Saturday, March 31, 2007

ANI vulnerability 3rd party patch available

A 3rd party patch to mitigate exposure to the ANI vulnerability (mouse animated curser) is available free to the public.

I have been testing it this evening and it appears to be effective and safe.

If you run any browser or email client on the Windows 2000, XP, 2003 or Vista platform, you might consider this patch until Microsoft releases their official patch.

http://research.eeye.com/html/alerts/zeroday/20070328.html

The link to the patch is at the very bottom of that page.

FireFox also vulnerable to the ANI exploit

From BugTraq at http://seclists.org/bugtraq/2007/Mar/0461.html

"Determina also discovered that under certain circumstances Mozilla Firefox uses the same underlying Windows code for processing ANI files, and can be exploited similarly to Internet Explorer."

Best to be practicing ultra safe web habits until a patch is released. Also (as usual) keep your Spyware shields and AV updated.

ANI vulnerability: Windows Zero Day attack

The last few days saw the discovery of another very serious exploit that takes advantage of a bug in the way Windows XP, Vista and 2003 and Outlook handles animated mouse cursers. A longer list of all vulnerable products is available here. Microsoft has no fix available yet.

As of at least yesterday (and probably longer) researchers have found numerous web sites that are delivering malicious Trojans via this vector. Craig Schmugar at McAfee reports that this includes some fairly popular and supposedly trustworthy sites like the Dolphins Superbowl site, which is compromised and forwards visiters to non-trusted servers.

So far the best advice is to completely turn off email previewing in all versions of Outlook and Outlook Express, to help mitigate infection via spam. Don't open any spam, especially unexpected emails with attachments. And finally don't visit infected websites - which begs the question of how would we know it's infected?

Until a patch is available, be extra careful!

Friday, March 30, 2007

Microsoft's future

I know at least one of the people on my friends list is currently employed by MS. I suspect one or two others may be as well.

If you don't already follow the two bloggers linked below, their most recent articles really seem to nail some of the company's issues, and contain some excellent suggestions to improve things. Assuming of course that's even a remote possibility. (Doubt)

Long reads, but good.

http://msftextrememakeover.blogspot.com/2007/03/for-want-of-shoe-or-time-for-new-rider.html

http://minimsft.blogspot.com/2007/03/mini-devil-and-fine-whine.html

Enjoy . . .

Thursday, March 29, 2007

If you have a cat or dog . . .

Thought you might want to know about this:

http://www.sciam.com/article.cfm?articleID=9AA80BDC-E7F2-99DF-325B0C8F34C09E95

Turns out that the recalled pet food was contaminated by something called aminopterin, used in China (among other places) as a rat poison. Possibly came from gluten obtained from China, to be used as a thickener for the gravy in recalled wet pet foods.
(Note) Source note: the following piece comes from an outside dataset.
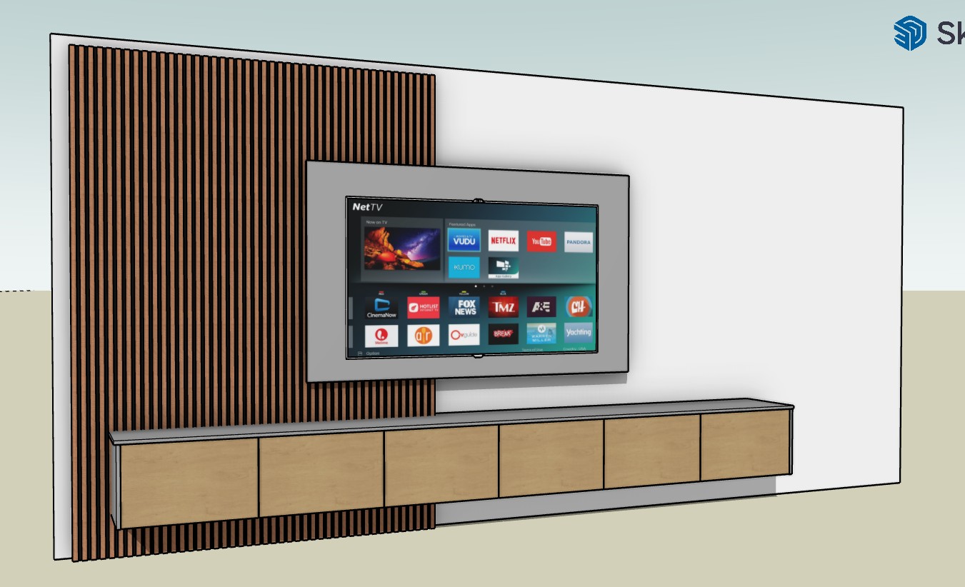 th is a drawing of a tv unit there are led light behind the acoustic panels and surround the tv

"The Food and Drug Administration (FDA) reports that the lethal concentration of the chemical is three parts per million (ppm) for rats; the amount found in the contaminated [pet] food samples was 40 ppm. There is speculation that the poison got into the chow because Chinese farmers sprayed their crops, including wheat, with it to protect them from hungry rodents."

Two of my neighbors lost their cats last week during my absence to this poison. I am really grateful that we have fed our cat more healthy fare for her entire life than wet canned pet food.

Also there are reports around the Internet that canned pet food from outside the range of batches and dates specified by the manufacterer are also poisoning pets.

If somehow you did not see the news all last week about the recall, here is the main official page for you with links to the official brands, types and batches involved.

http://www.fda.gov/bbs/topics/NEWS/2007/NEW01590.html

.

Tuesday, March 13, 2007

Windows Server 2003 SP2 released today

I lied, one more update today before I go finish packing.

Microsoft quietly released Service Pack 2 for Windows Server 2003 - all editions. Their website calls it a release candidate, but given it's presence on the official update site, I suspect it's the final version.

You can get it via the update site, or if you prefer (as I do) to get it as one download and apply it offline, you can get the entire package here:

http://www.microsoft.com/technet/windowsserver/sp2.mspx

Along with a complete rollup of all critical updates released since SP1, it also includes some new features, which depend on whether you are running the standard, R2 or SMS versions.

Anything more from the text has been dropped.